*ENTRIES SUPPLIED*
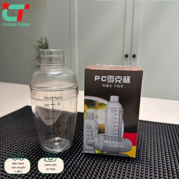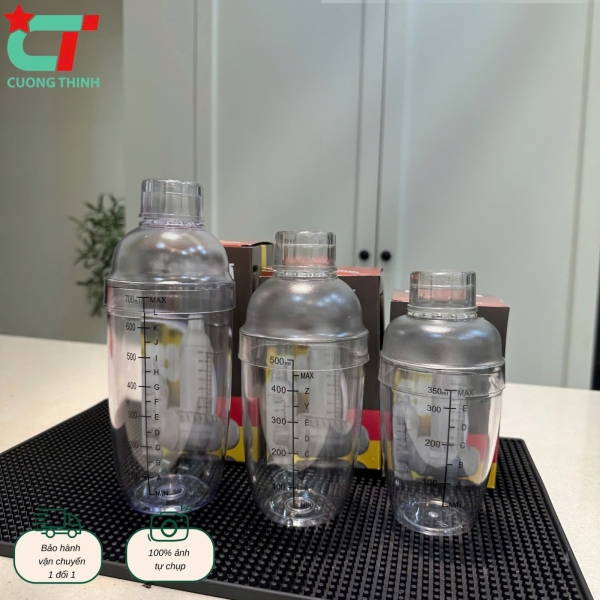 Bộ bình lắc + nắp pha chế nhựa chia vạch đen dung tích 350ml
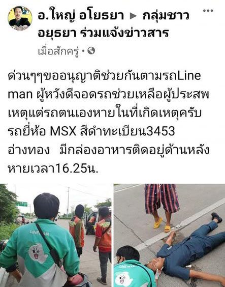 วันที่ 12 ก.ย. ผู้สื่อข่าวรายงานความคืบหน้า กรณีที่วานนี้มี หนุ่มไลน์แมน จอดช่วยคนถูกรถชน แต่โดนขโมยจยย. หลังจากที่ผู้ใช้เฟซบุ๊กชื่อ อ.ใหญ่ อโยธยา โพสต์ขอความช่วยเหลือ ระบุว่า "คนทำดีทำไมต้องเป็นแบบนี้ ขออนุญาตช่วยกันตามรถไลน์แมน เป็นผู้หวังดีจอดรถช่วยเหลือผู้ประสบเหตุแต่รถตนเองหายในที่เกิดเหตุครับ
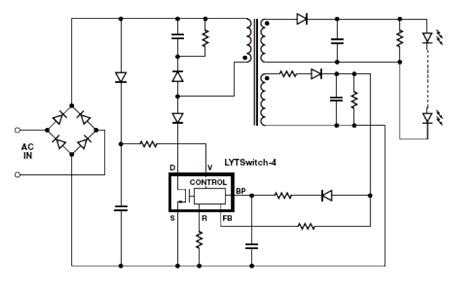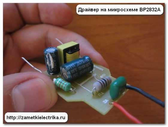 Вот типовая схема драйвера на микросхеме BP2832A, взятая из паспорта. Там же Вы можете ознакомиться с ее параметрами и техническими характеристиками.
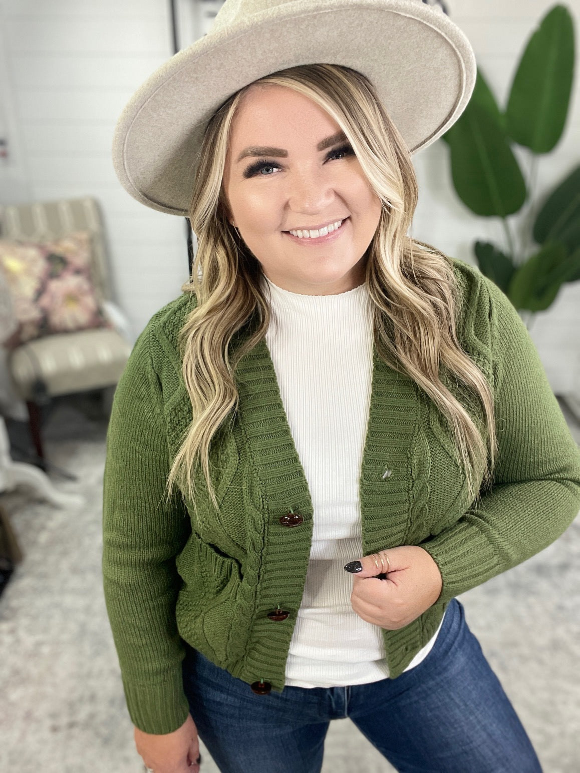 Be ready for the day with this Climbing Vine Cable Knit Cardigan in Green. With its slim fit, v-neckline, and cable-knit pattern, it's sure to become your favorite cozy choice. Its nostalgic collegiate style and patch pockets round out the classic design. Experience comfort and timeless style like no other with this cardigan!
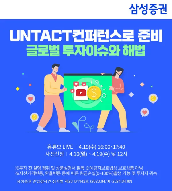 언택트 컨퍼런스는 19일 수요일 오후 4시부터 5시 40분까지 삼성증권 유튜브에서 실시간으로 진행된다.
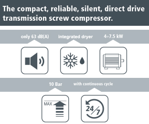 MiniCUBE is designed for continuous operation in industrial applications. The coaxial transmission, with the air-end directly connected to the electric motor without any flexible coupling, ensures the best transmission efficiency. The three-phase versions are equipped with an IE3 energy efficiency class motor. The FS14 air-end ensures minimum pressure losses, providing considerable energy savings and low operating and maintenance costs. 100 dB(A) 120 dB(A) with continuous cycle 24 7.
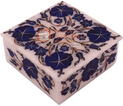 4"x4"x2" White Jewelry Organizer Box Lapis Marquetry Flower Art Christmas Gift
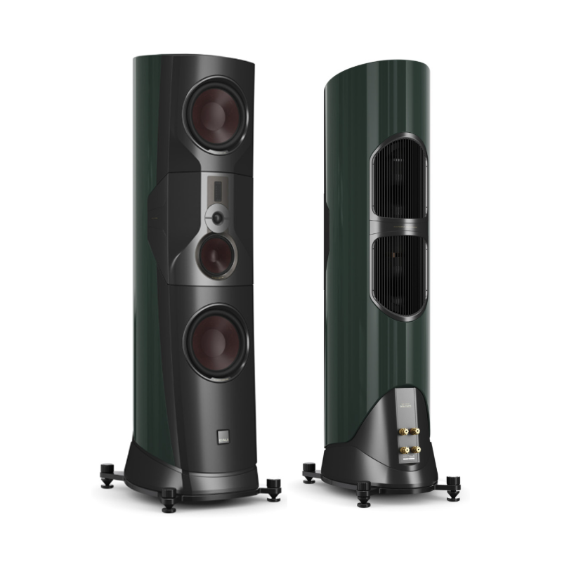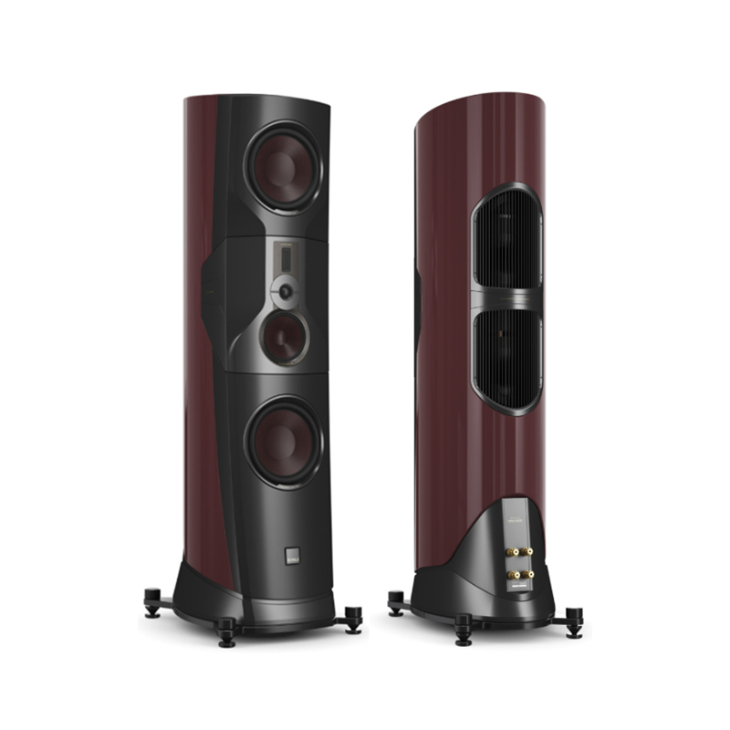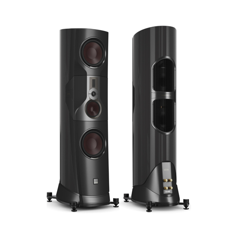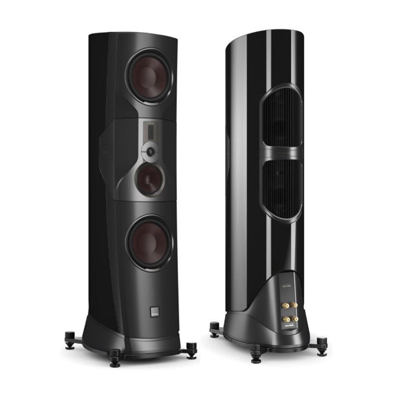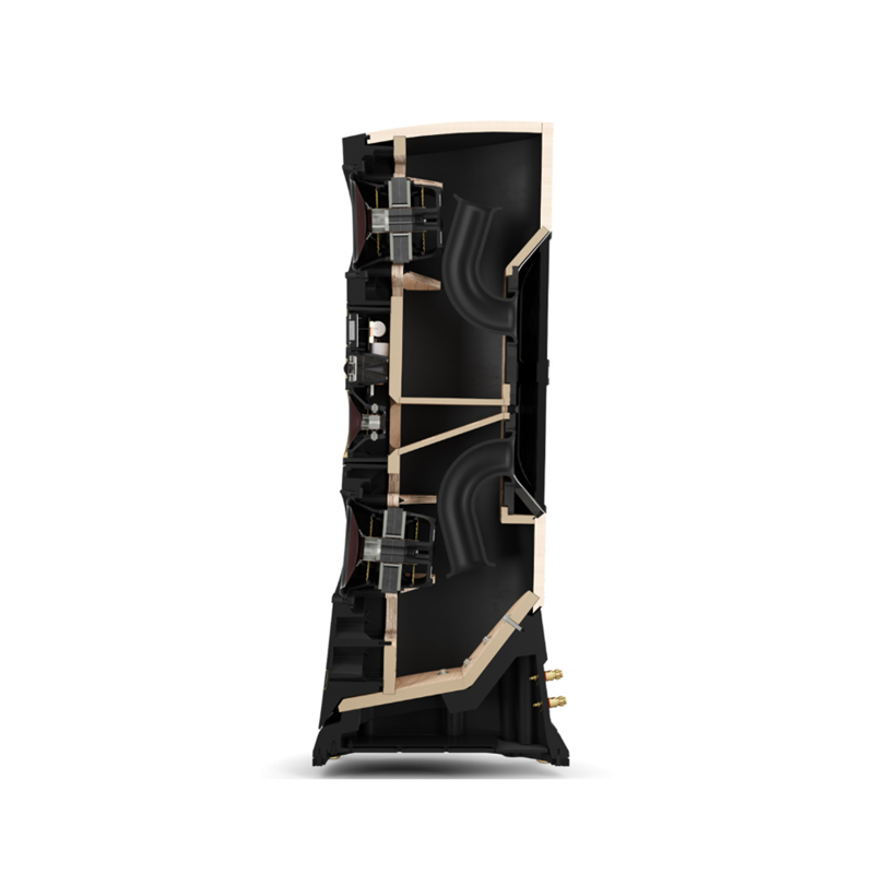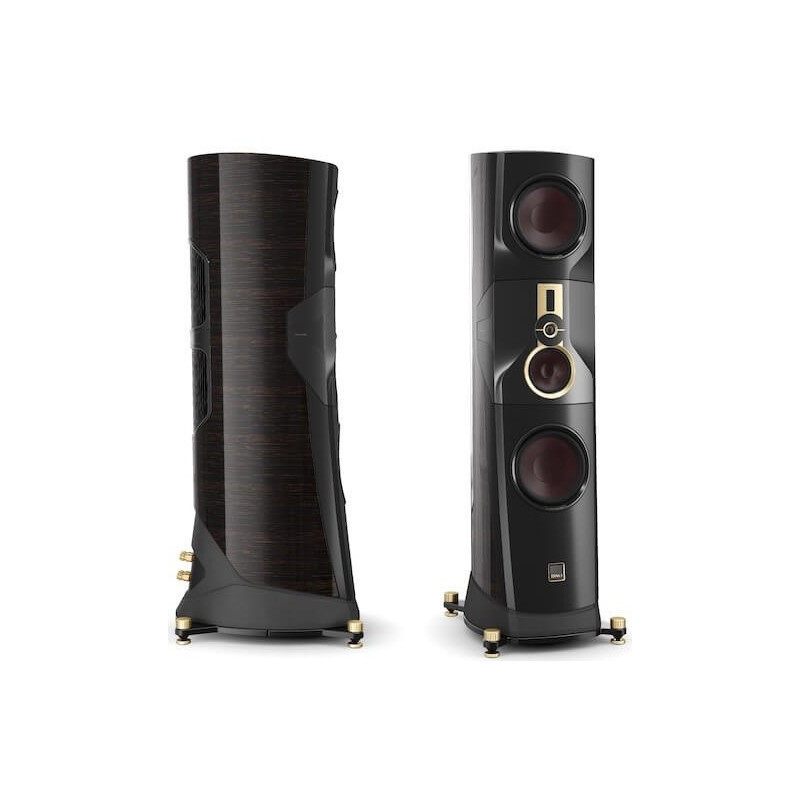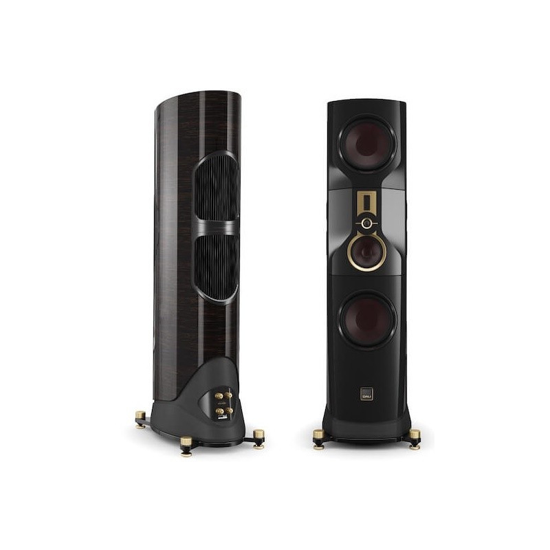 En un modelo insignia la estética también es importante. Por eso las DALI KORE están vestidas de gala con acabado barniz Ébano Amara, que resalta sus atractivas curvas. Como toque de distinción, los refuerzos de aluminio mecanizado en color dorado.
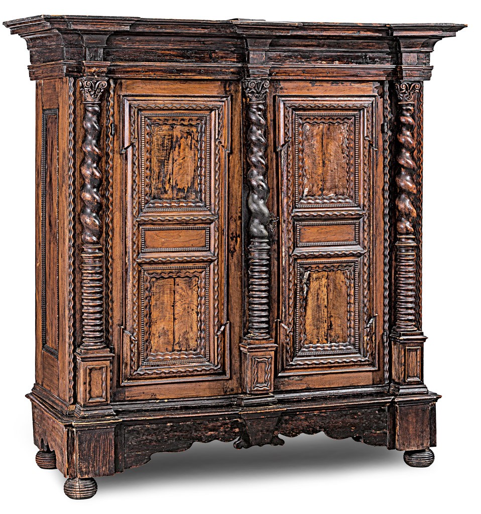 német, 18. sz., tömör diófa, faragott és esztergált díszítéssel, eredeti zárszerkezettel, sérült, kulcs pótolt, 196*173,5*69 cm
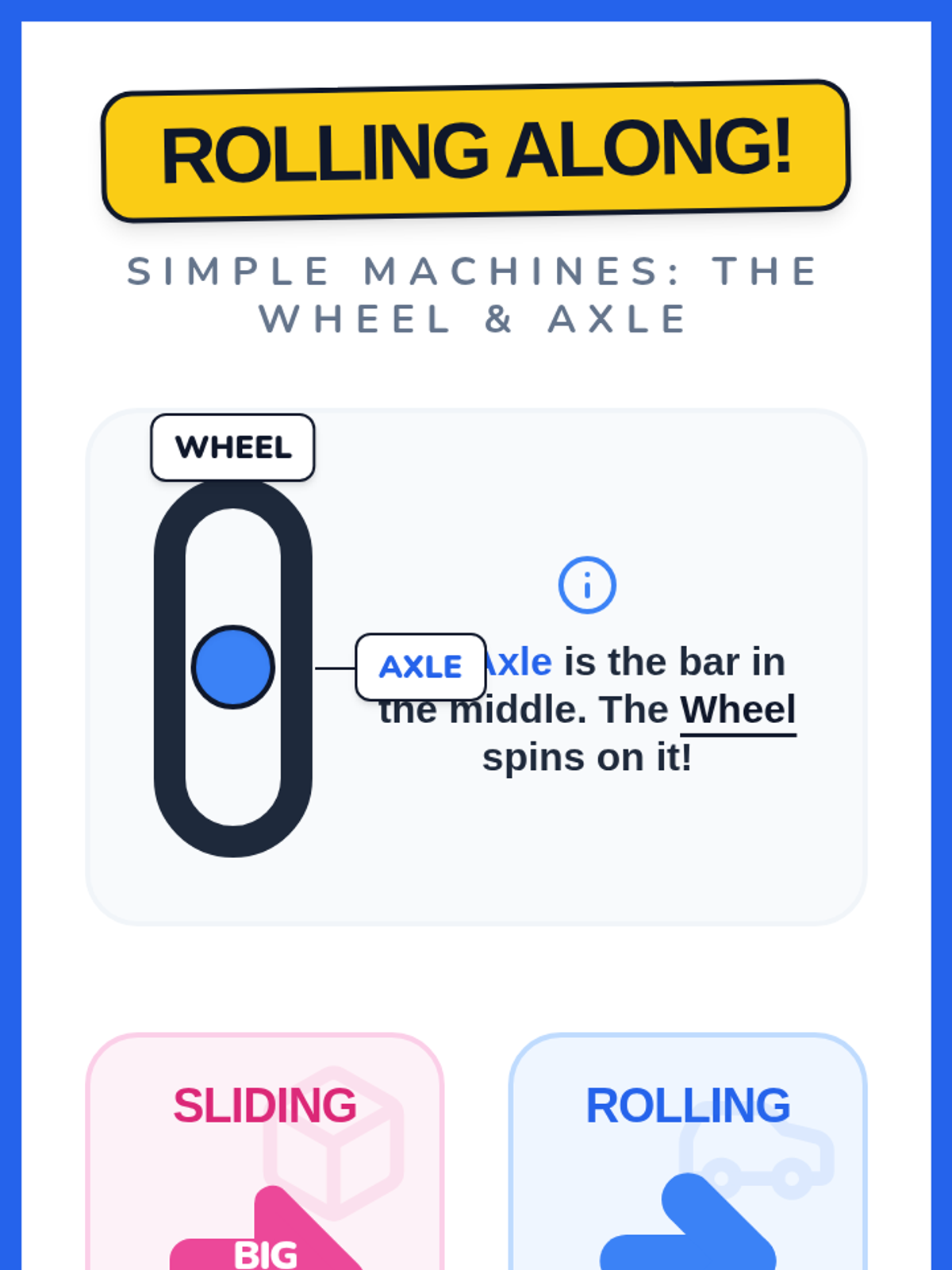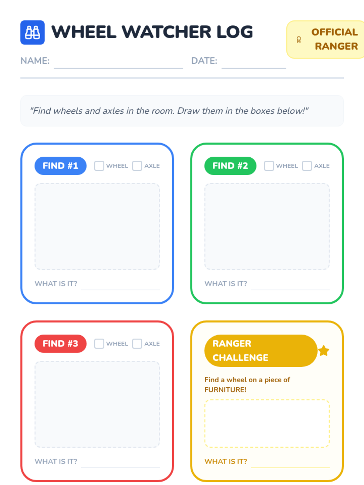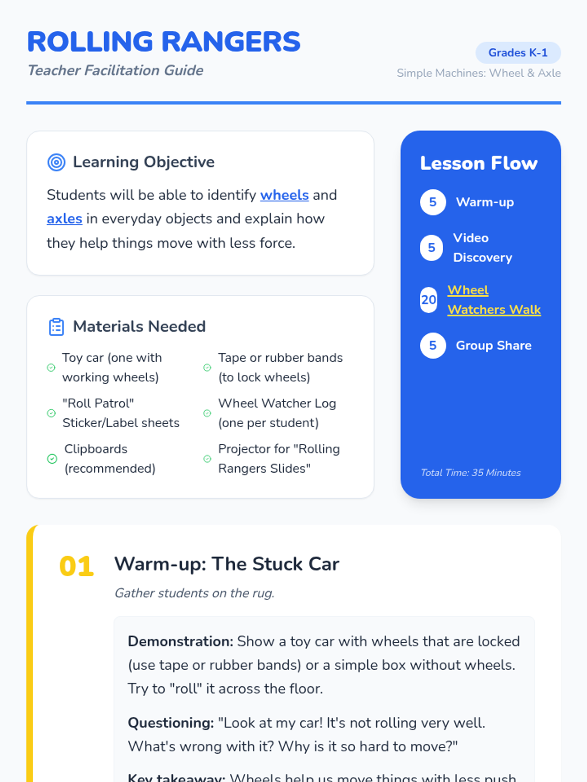 A hands-on introductory lesson for Kindergarten and 1st Grade students to identify wheels and axles in their environment through observation and active exploration.
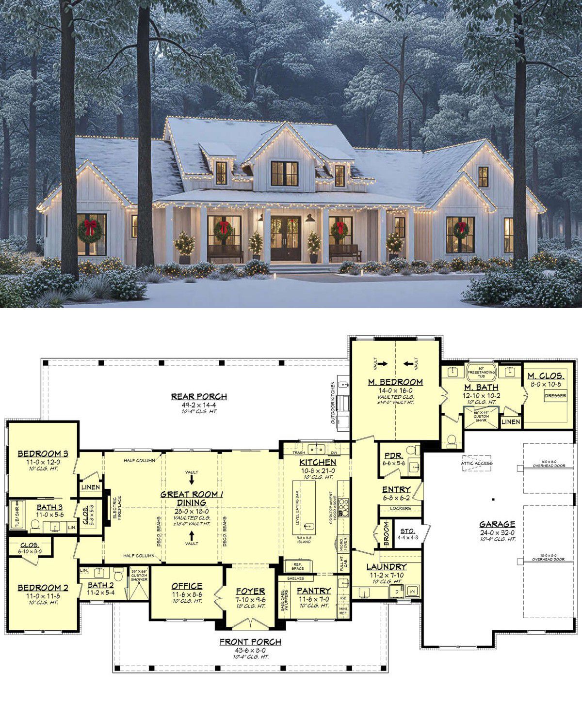 With an efficient flow among living zones, thoughtful transitions between indoor and outdoor spaces, and practical everyday features, this design encapsulates modern farmhouse living at its best.
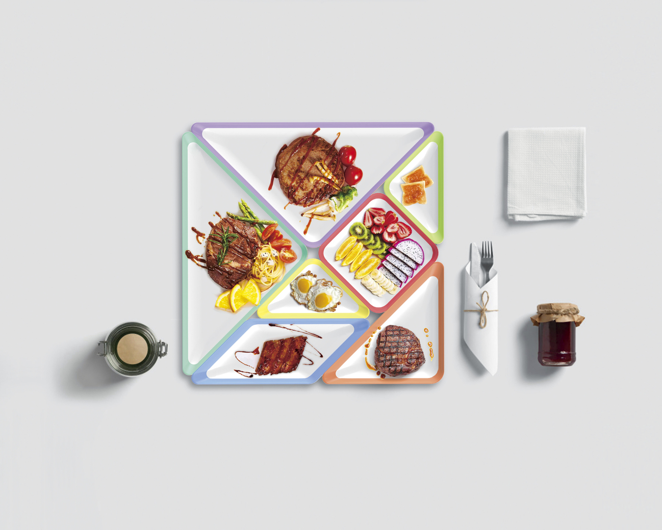 This is a creativity plate design for children. Seven plates in an array of colours, shapes and sizes can be combined to form various shapes. The ideas you can build with this creative dining table set are limitless. This way of abstract modelling stimulates creativity and imagination, increases children's interests towards mealtime, and promotes interaction between children and parents at the dining table.

*PROBLEM*
Set down the material above as is, without any pictures.

*REPLY*
 Bộ bình lắc + nắp pha chế nhựa chia vạch đen dung tích 350ml
 วันที่ 12 ก.ย. ผู้สื่อข่าวรายงานความคืบหน้า กรณีที่วานนี้มี หนุ่มไลน์แมน จอดช่วยคนถูกรถชน แต่โดนขโมยจยย. หลังจากที่ผู้ใช้เฟซบุ๊กชื่อ อ.ใหญ่ อโยธยา โพสต์ขอความช่วยเหลือ ระบุว่า "คนทำดีทำไมต้องเป็นแบบนี้ ขออนุญาตช่วยกันตามรถไลน์แมน เป็นผู้หวังดีจอดรถช่วยเหลือผู้ประสบเหตุแต่รถตนเองหายในที่เกิดเหตุครับ
 Вот типовая схема драйвера на микросхеме BP2832A, взятая из паспорта. Там же Вы можете ознакомиться с ее параметрами и техническими характеристиками.
 Be ready for the day with this Climbing Vine Cable Knit Cardigan in Green. With its slim fit, v-neckline, and cable-knit pattern, it's sure to become your favorite cozy choice. Its nostalgic collegiate style and patch pockets round out the classic design. Experience comfort and timeless style like no other with this cardigan!
 언택트 컨퍼런스는 19일 수요일 오후 4시부터 5시 40분까지 삼성증권 유튜브에서 실시간으로 진행된다.
 MiniCUBE is designed for continuous operation in industrial applications. The coaxial transmission, with the air-end directly connected to the electric motor without any flexible coupling, ensures the best transmission efficiency. The three-phase versions are equipped with an IE3 energy efficiency class motor. The FS14 air-end ensures minimum pressure losses, providing considerable energy savings and low operating and maintenance costs. 100 dB(A) 120 dB(A) with continuous cycle 24 7.
 4"x4"x2" White Jewelry Organizer Box Lapis Marquetry Flower Art Christmas Gift
 En un modelo insignia la estética también es importante. Por eso las DALI KORE están vestidas de gala con acabado barniz Ébano Amara, que resalta sus atractivas curvas. Como toque de distinción, los refuerzos de aluminio mecanizado en color dorado.
 német, 18. sz., tömör diófa, faragott és esztergált díszítéssel, eredeti zárszerkezettel, sérült, kulcs pótolt, 196*173,5*69 cm
 A hands-on introductory lesson for Kindergarten and 1st Grade students to identify wheels and axles in their environment through observation and active exploration.
 With an efficient flow among living zones, thoughtful transitions between indoor and outdoor spaces, and practical everyday features, this design encapsulates modern farmhouse living at its best.
 This is a creativity plate design for children. Seven plates in an array of colours, shapes and sizes can be combined to form various shapes. The ideas you can build with this creative dining table set are limitless. This way of abstract modelling stimulates creativity and imagination, increases children's interests towards mealtime, and promotes interaction between children and parents at the dining table.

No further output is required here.